> **Exercise instructions**: Reproduce only the lines below from the line containing "Banjarmegara - Dindikpora" to the line containing "公園を散歩しながら「梅きれい", exactly as written, with both end lines kept. Omit the pictures.
Input section start
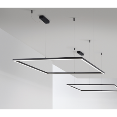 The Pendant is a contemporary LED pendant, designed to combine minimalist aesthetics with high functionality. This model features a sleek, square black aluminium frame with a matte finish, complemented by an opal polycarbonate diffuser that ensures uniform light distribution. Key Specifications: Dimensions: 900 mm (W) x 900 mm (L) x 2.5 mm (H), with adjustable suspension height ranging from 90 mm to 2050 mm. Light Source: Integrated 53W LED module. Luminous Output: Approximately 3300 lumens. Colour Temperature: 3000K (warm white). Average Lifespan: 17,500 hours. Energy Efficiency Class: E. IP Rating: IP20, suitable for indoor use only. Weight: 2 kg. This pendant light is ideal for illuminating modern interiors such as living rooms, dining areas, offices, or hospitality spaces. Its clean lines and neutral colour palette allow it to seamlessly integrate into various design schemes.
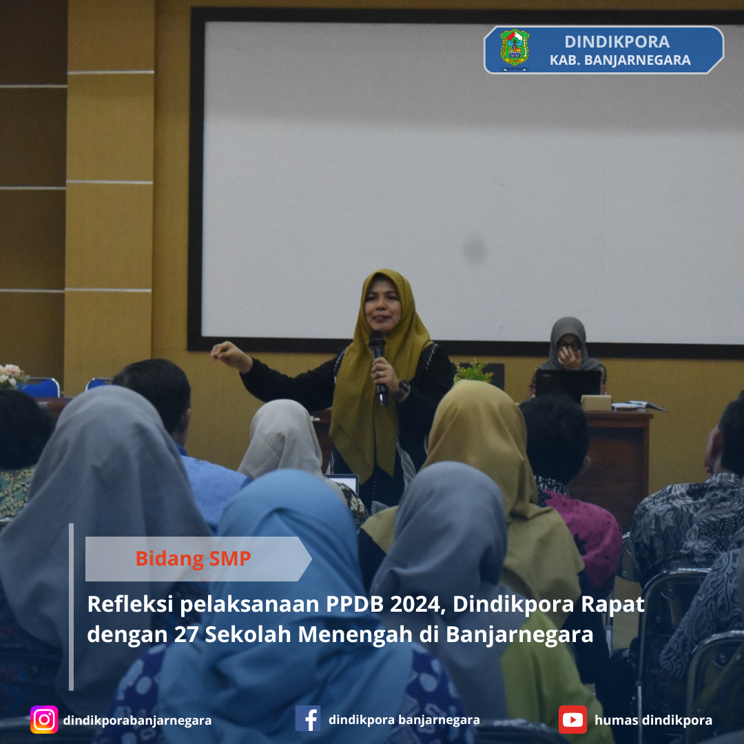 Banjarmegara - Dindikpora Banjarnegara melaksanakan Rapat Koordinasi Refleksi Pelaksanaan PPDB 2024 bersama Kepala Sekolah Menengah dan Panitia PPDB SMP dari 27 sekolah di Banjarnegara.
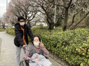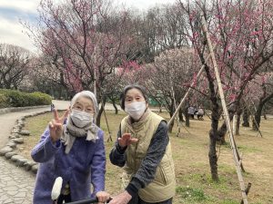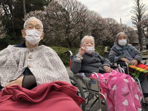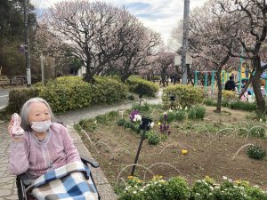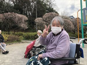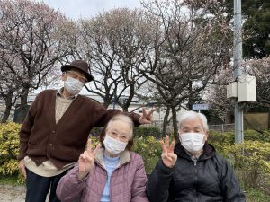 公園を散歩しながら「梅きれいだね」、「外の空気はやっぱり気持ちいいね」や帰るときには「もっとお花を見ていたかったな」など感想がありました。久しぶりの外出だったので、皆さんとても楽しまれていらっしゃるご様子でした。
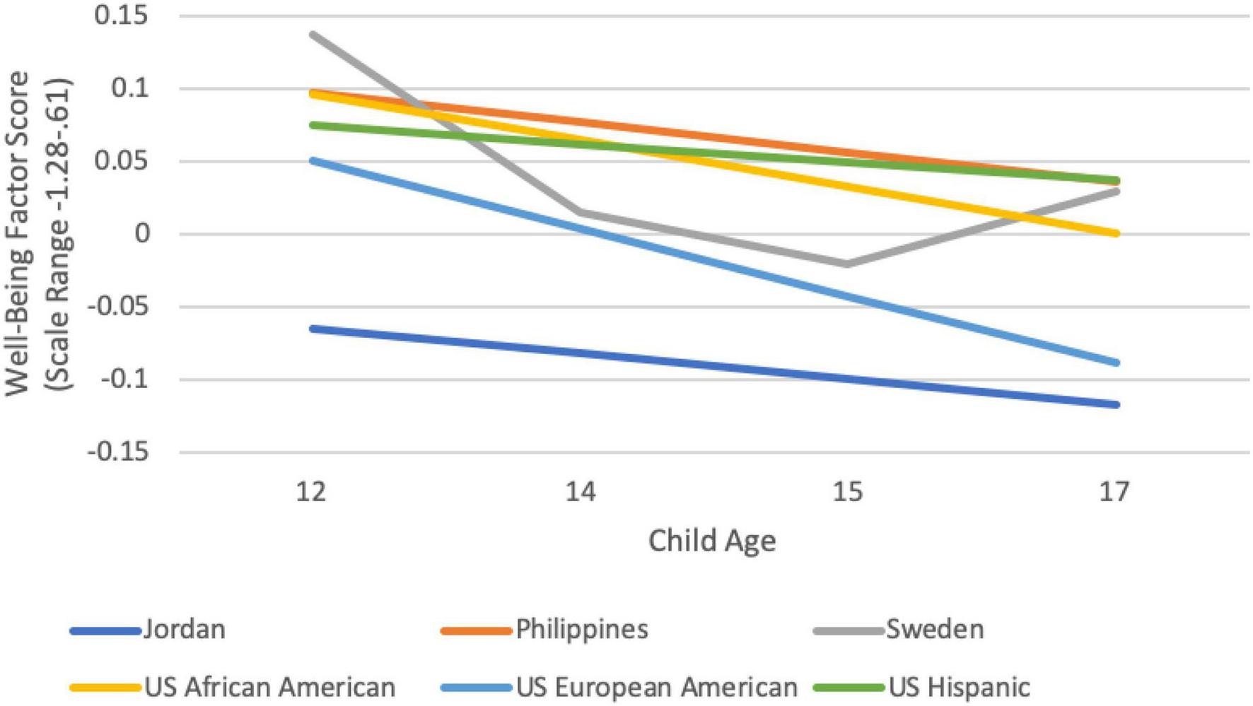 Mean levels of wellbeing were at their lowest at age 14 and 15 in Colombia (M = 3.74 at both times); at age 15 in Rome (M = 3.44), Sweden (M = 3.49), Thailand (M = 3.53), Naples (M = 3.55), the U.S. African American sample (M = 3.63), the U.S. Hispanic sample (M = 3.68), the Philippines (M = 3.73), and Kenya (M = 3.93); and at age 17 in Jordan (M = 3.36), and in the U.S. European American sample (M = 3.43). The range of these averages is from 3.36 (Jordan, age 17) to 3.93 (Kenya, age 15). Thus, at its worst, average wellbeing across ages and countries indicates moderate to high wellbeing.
Input section end
Input section start
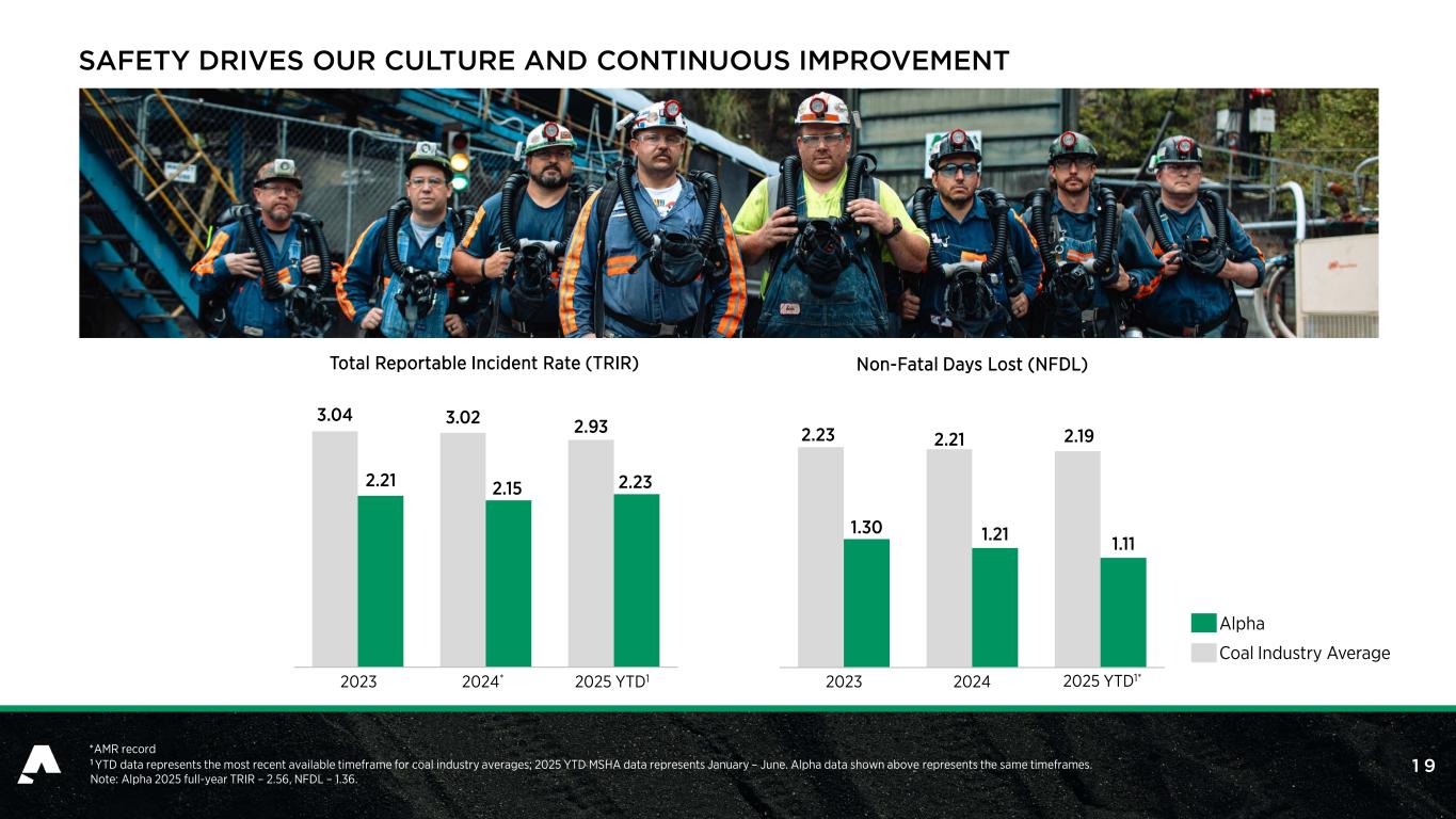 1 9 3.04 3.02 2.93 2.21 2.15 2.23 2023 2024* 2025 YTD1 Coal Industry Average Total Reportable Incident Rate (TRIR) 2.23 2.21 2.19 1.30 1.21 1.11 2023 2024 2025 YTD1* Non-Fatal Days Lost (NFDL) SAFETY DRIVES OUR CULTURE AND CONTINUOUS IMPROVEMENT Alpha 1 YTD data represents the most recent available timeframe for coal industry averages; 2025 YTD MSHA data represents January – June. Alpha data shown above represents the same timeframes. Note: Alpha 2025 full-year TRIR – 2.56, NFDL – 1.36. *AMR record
Input section end
> **Answer box**:
 Banjarmegara - Dindikpora Banjarnegara melaksanakan Rapat Koordinasi Refleksi Pelaksanaan PPDB 2024 bersama Kepala Sekolah Menengah dan Panitia PPDB SMP dari 27 sekolah di Banjarnegara.
 公園を散歩しながら「梅きれいだね」、「外の空気はやっぱり気持ちいいね」や帰るときには「もっとお花を見ていたかったな」など感想がありました。久しぶりの外出だったので、皆さんとても楽しまれていらっしゃるご様子でした。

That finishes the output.